Please write out only the lines from the line with "- Szare kozaki" to the line with "Externally, the property", inclusive, exactly as they stand below, without the pictures.
─── Records for the task
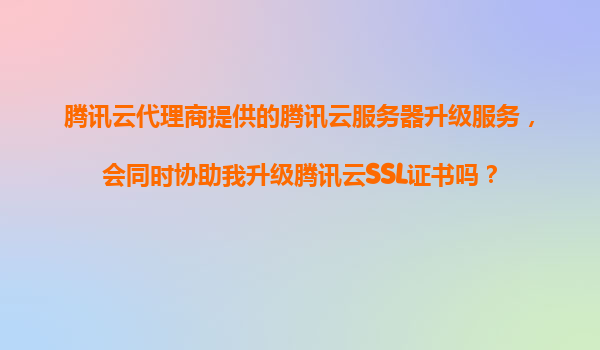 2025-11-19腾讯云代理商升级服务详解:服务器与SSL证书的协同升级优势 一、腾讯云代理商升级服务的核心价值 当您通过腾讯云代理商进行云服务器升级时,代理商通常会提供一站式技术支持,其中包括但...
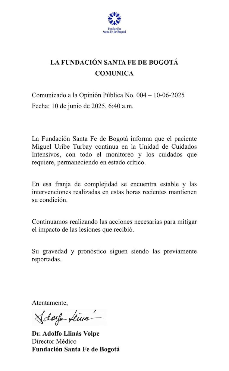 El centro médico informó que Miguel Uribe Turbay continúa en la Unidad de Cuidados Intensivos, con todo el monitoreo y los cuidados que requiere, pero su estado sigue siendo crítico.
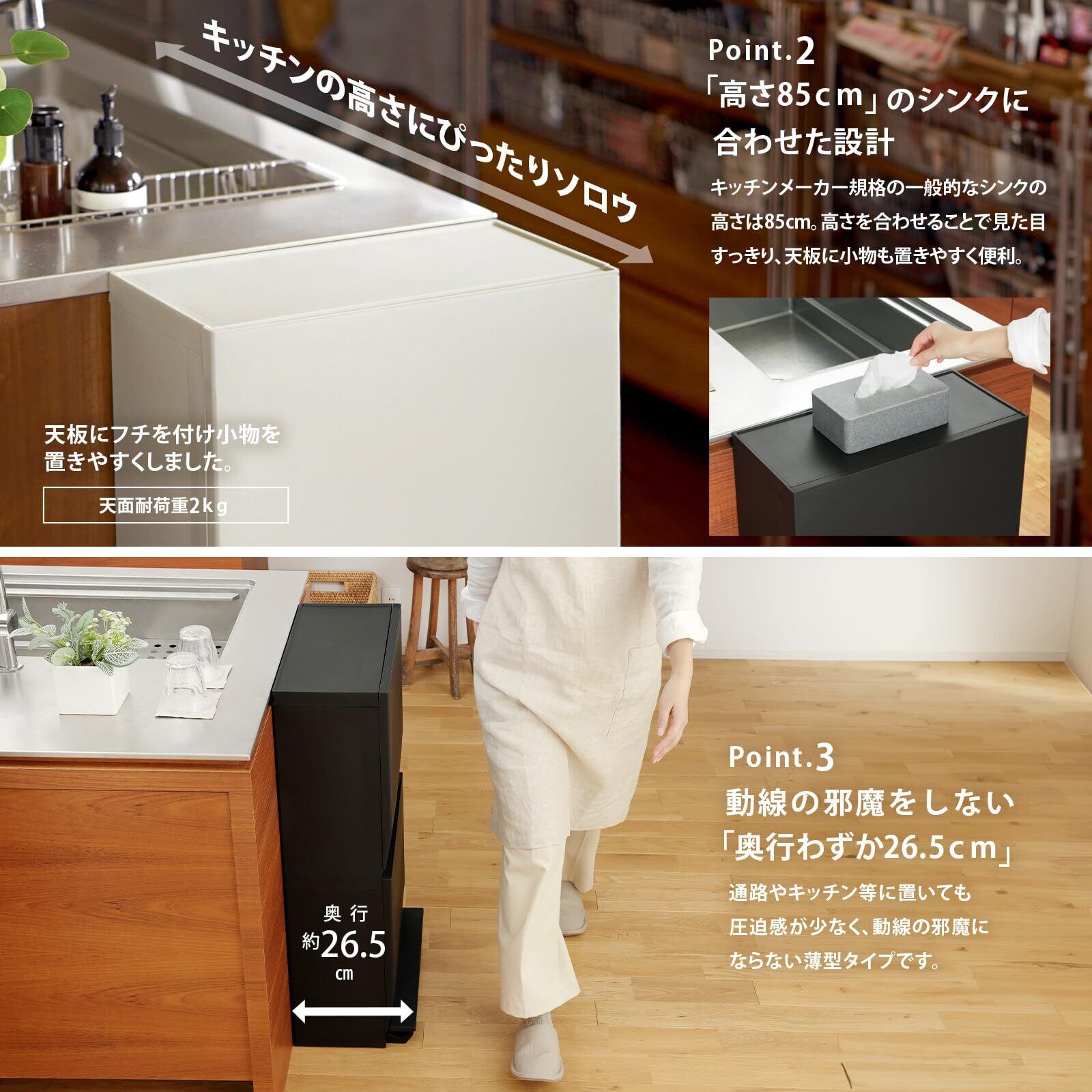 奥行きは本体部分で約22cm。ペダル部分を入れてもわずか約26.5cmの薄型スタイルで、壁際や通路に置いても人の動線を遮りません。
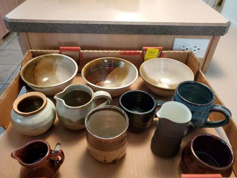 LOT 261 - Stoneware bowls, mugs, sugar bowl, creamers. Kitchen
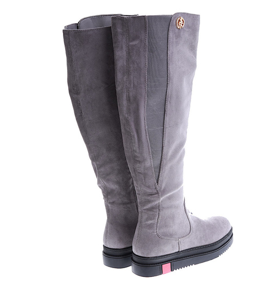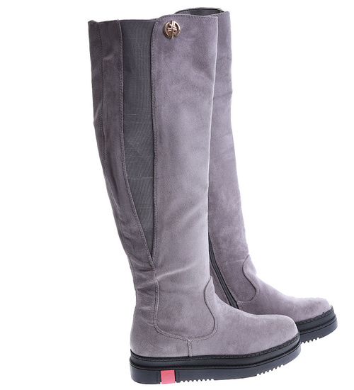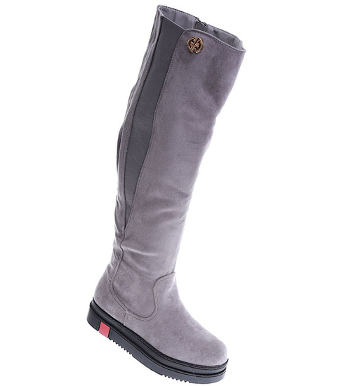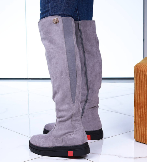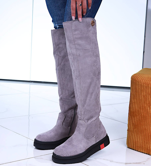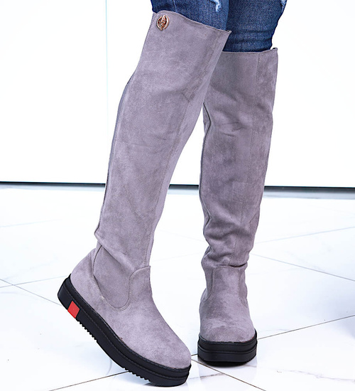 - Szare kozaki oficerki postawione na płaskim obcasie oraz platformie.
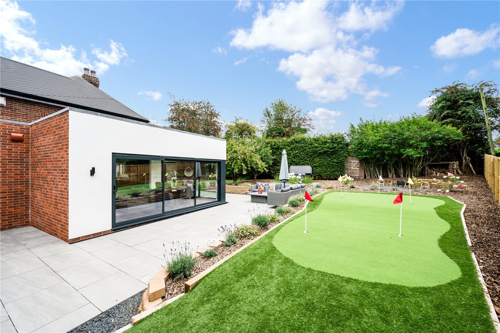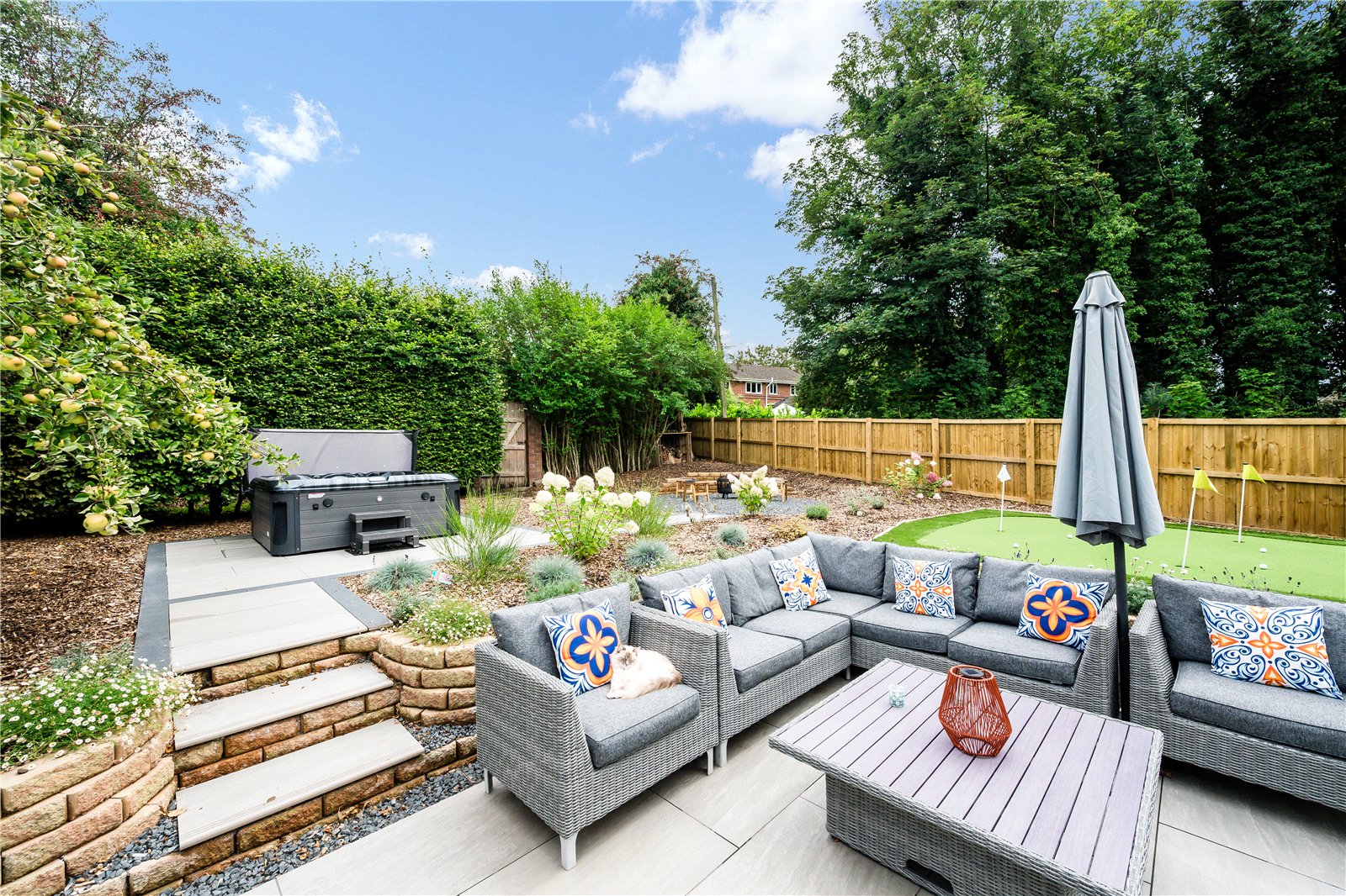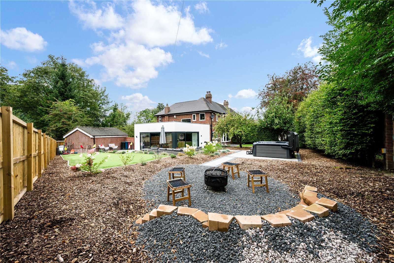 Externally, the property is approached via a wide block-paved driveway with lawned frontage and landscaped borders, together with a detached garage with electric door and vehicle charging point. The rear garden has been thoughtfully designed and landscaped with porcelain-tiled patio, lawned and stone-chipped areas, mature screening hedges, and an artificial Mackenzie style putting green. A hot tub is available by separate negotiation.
──────
─── Records for the task
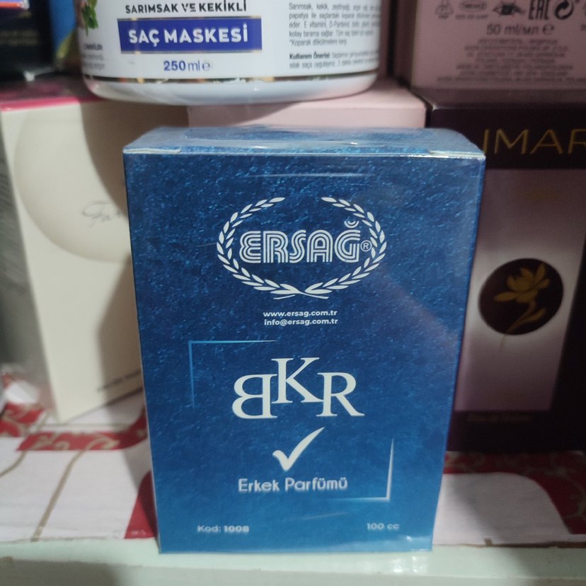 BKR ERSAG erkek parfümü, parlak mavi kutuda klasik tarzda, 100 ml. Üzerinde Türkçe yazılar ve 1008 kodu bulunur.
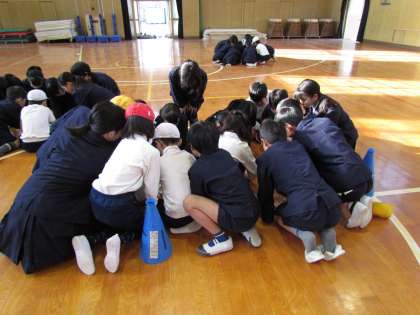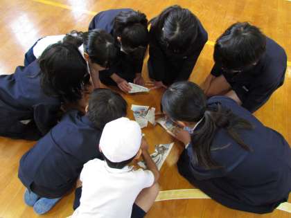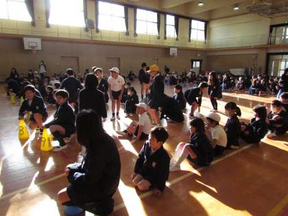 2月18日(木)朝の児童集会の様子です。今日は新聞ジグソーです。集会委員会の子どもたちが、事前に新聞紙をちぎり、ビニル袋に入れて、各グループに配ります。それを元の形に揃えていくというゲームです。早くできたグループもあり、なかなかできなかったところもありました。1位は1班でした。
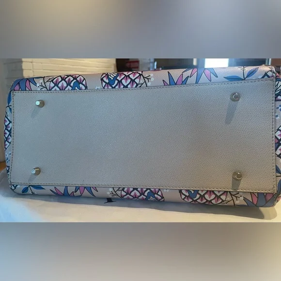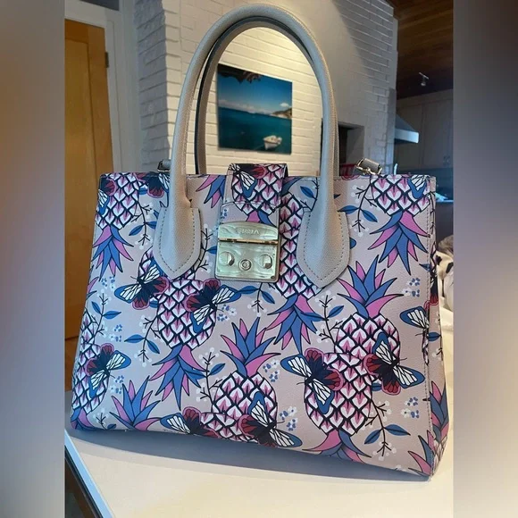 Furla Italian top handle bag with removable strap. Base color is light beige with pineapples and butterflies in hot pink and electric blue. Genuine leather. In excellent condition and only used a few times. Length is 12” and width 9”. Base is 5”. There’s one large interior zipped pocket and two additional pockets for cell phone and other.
──────
Answer to this task
 - Szare kozaki oficerki postawione na płaskim obcasie oraz platformie.
 Externally, the property is approached via a wide block-paved driveway with lawned frontage and landscaped borders, together with a detached garage with electric door and vehicle charging point. The rear garden has been thoughtfully designed and landscaped with porcelain-tiled patio, lawned and stone-chipped areas, mature screening hedges, and an artificial Mackenzie style putting green. A hot tub is available by separate negotiation.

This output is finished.